Western music is based on a division of 12 distinct frequencies per octave. An octave is an interval, or distance between two frequencies, that corresponds to a power of 2 multiplication. Musical pitch is perceived in a logarithmic scale—one octave above a given perceived frequency is double that frequency; one octave below is half that frequency. The progression of notes containing all 12 pitches in succession in an octave is called a chromatic scale. A semitone, or half-step, is the smallest interval, equal to \(1/12\) of an octave. \(n\) semitones above a given frequency \(f_0\) or \(-n\) below can be calculated as \(f_0 \cdot 2^{n/12}\).
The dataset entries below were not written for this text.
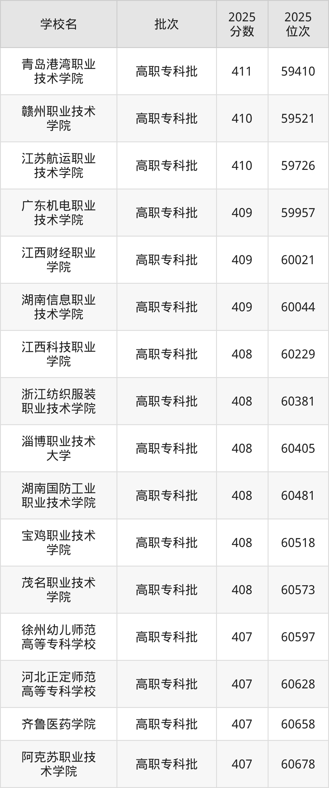 2025年贵州高考历史类409分(59810名~60179名)能上的大学有广东机电职业技术学院、江西财经职业学院、湖南信息职业技术学院。
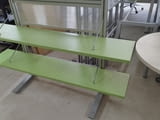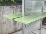 Продавам Алуминиева етажерка едностранна преграда / паравани между с размер ширина 150/ височина 182см. Цената от 185 е за едностранна етажерката с два рафта. Към нея може с конзоли да се монтират и още еди или два допълнителни рафта . Цената от 35лв е за комплект рафт с двойка конзоли - рафтоносачи , рафта е с размер 30/150см и дебелина 2, 5см материала е ПДЧ и цвета е дъб сонома или зелен.
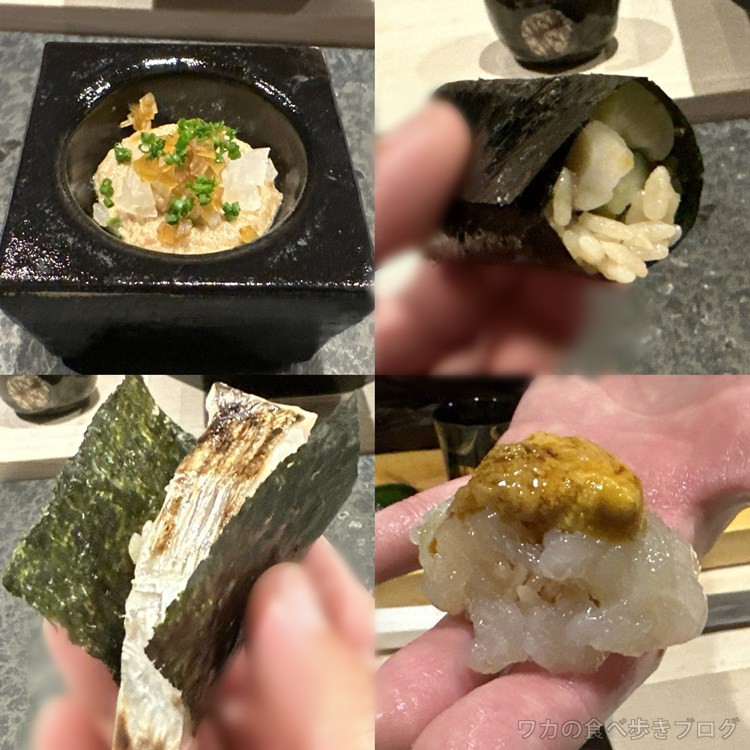 あん肝&奈良漬&べったら漬け ミルキュウ巻き 太刀魚 白エビと雲丹
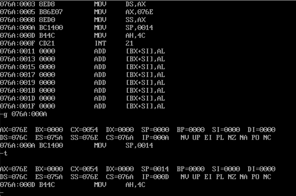 对程序task1_4.asm进行汇编、连接,用debug加载、跟踪调试,基于结果,回答问题。
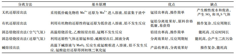 | 表 3 电解锰阳极泥中锰铅分离方法 Table 3 Separation methods of manganese and lead from electrolytic manganese anode slime |
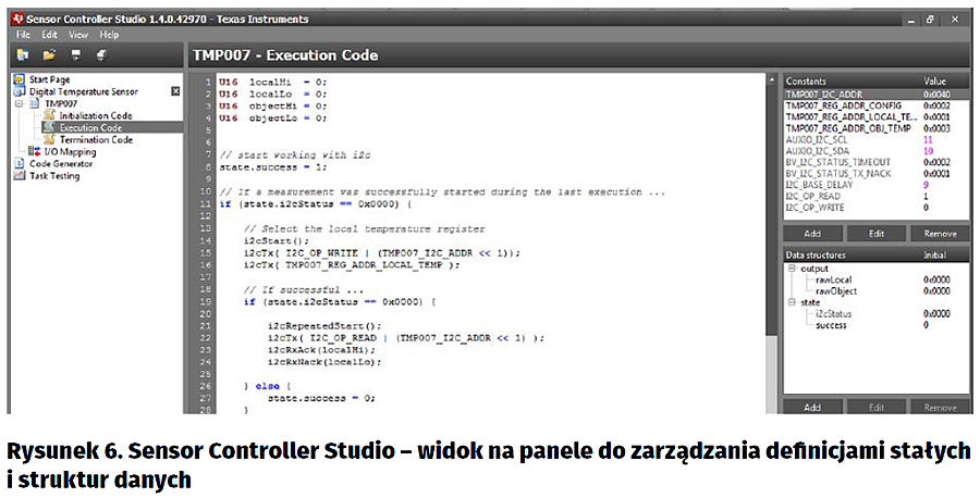 W sekcjach z definicją kodu programu: inicjalizacja, wykonanie, zakończenie wprowadzamy kod źródłowy zadania do obsługi czujnika TMP007. Korzystając z protokołu I2C ustawiamy parametry pomiaru a następnie odczytujemy zmierzoną temperaturę otoczenia oraz temperaturę obiektu. Kod źródłowy sekcji wykonania Execution pokazano na listingu 1. W kodzie źródłowym zadania tworzymy definicje stałych (adres I2C czujnika TMP007, adresy rejestrów czujnika) oraz definiujemy zmienne globalne umieszczone w strukturach danych (status pomiaru, wynik pomiaru temperatury otoczenia, wynik pomiaru temperatury obiektu). Panele do zarządzania definicjami stałych oraz strukturami danych ze zmiennymi globalnymi (dodawanie, usuwanie, edycja) są dostępne w każdym z bloków kodu programu po prawej stronie okna aplikacji. Wygląd panelu pokazano na rysunku 6. Wprowadzając definicje stałych podajemy nazwę, typ oraz wartość definiowanej stałej. Wprowadzając zmienne globalne dodatkowo definiujemy, w której strukturze danych mają być przechowywane.
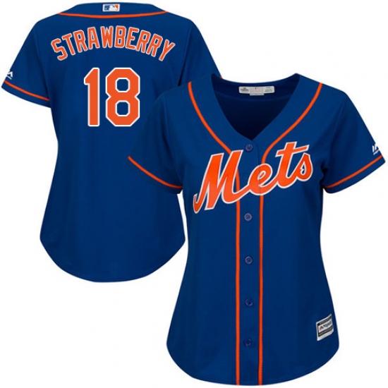 Home>MLB>New York Mets>Darryl Strawberry>Women's Majestic New York Mets #18 Darryl Strawberry Replica Royal Blue Alternate Home Cool Base MLB Jersey
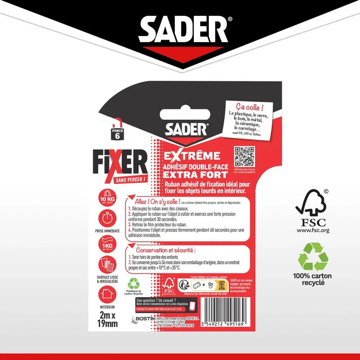 - Plus produit: 1/Adhérence Extra Forte : prise immédiate et peut supporter jusqu'à 10 kg par ruban (soit 1 kg par 20 cm), idéal pour fixer des objets lourds en intérieur. 2/Polyvalence : adhère sur la plupart des surfaces lisses et irrégulières, y compris le plastique (sauf PE, PP et Téflon), le verre, le bois, le métal, la céramique et le carrelage. 3/Durabilité : Résistant aux UV et à l'eau, ce ruban peut être utilisé dans des conditions variées, avec une plage de température allant de -10°C à +75°C.
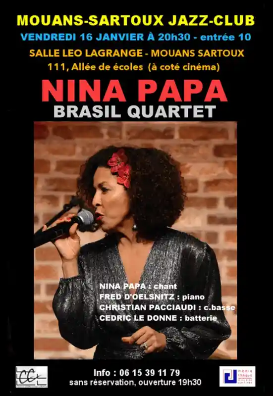 Venez vivre une soirée exceptionnelle avec le So a Papa Brasil Quartet le 16 janvier 2026 à la Salle Léo Lagrange de Mouans-Sartoux. La talentueuse compositrice brésilienne Nina Papa vous emmènera dans un voyage musical à travers le jazz et les sonorités latines. Entourée de musiciens de talent, préparez-vous à être enivré par une atmosphère rythmée et captivante. Ne ratez pas cette occasion unique de découvrir des performances vibrantes qui célébrent la richesse de la musique brésilienne.
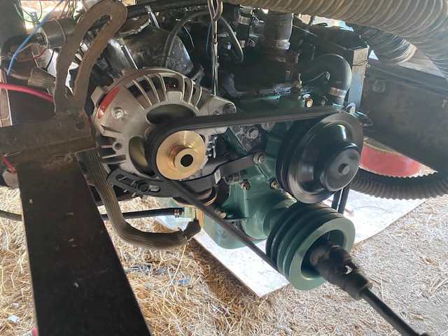 I'll have to measure, but my guess is OD of big pulley is no more than 5 inches.....turning a pulley of about 2 3/4"......so ratio is not much more than 2:1. At engine RPM of 1,000 fast idle speed, even this high amp alternator is not putting out much juice. Even in use in the field, engine rarely exceeds 2,000 RPM's. Documentation that came with alternator shows it tested to 65 amps at idle speed, but that was with 3:1 ratio. At my idle speed, may not be doing much at all.

Note names are used to classify the pitches in the chromatic scale. Note names consist of a base name and 0 or more accidentals. The base names of a note correspond to the white keys on a piano—in any one given octave there are the following names: \(C\), \(D\), \(E\), \(F\), \(G\), \(A\), and \(B\). A base note name can optionally be decorated with an indefinite number of sharps (\(\sharp\)) or flats (\(\flat\)), but not both, in the note name. This can be illustrated with the following context-free grammar (figure \ref{fig:cfgnote}):

\[\begin{aligned} NoteName &\to BaseNote \mid BaseNote\ SharpAccidentals \mid BaseNote\ FlatAccidentals \\ BaseNote &\to \mathbf{C} \mid \mathbf{D} \mid \mathbf{E} \mid \mathbf{F} \mid \mathbf{G} \mid \mathbf{A} \mid \mathbf{B} \\ SharpAccidentals &\to \bm{\textit{\#}}\ SharpAccidentals \mid \bm{\textit{\#}} \\ FlatAccidentals &\to \bm{b}\ FlatAccidentals \mid \bm{b}\end{aligned}\]

\label{fig:cfgnote}

Sharps and flats are referred to as accidentals. Each additional (\(\#\)) increases the pitch to which the note name refers by 1 semitone; likewise, each (\(b\)) decreases the pitch by 1 semitone. The black keys on the piano represent pitches 1 semitone in between the surrounding white keys. Each white key is either 1 semitone or 2 semitones apart, depending on if a black key is in the middle. For instance, \(C\) and \(D\) are 2 semitones apart since there is a black key in between them, whereas \(E\) and \(F\) are 1 semitone apart. See figure \ref{fig:piano}.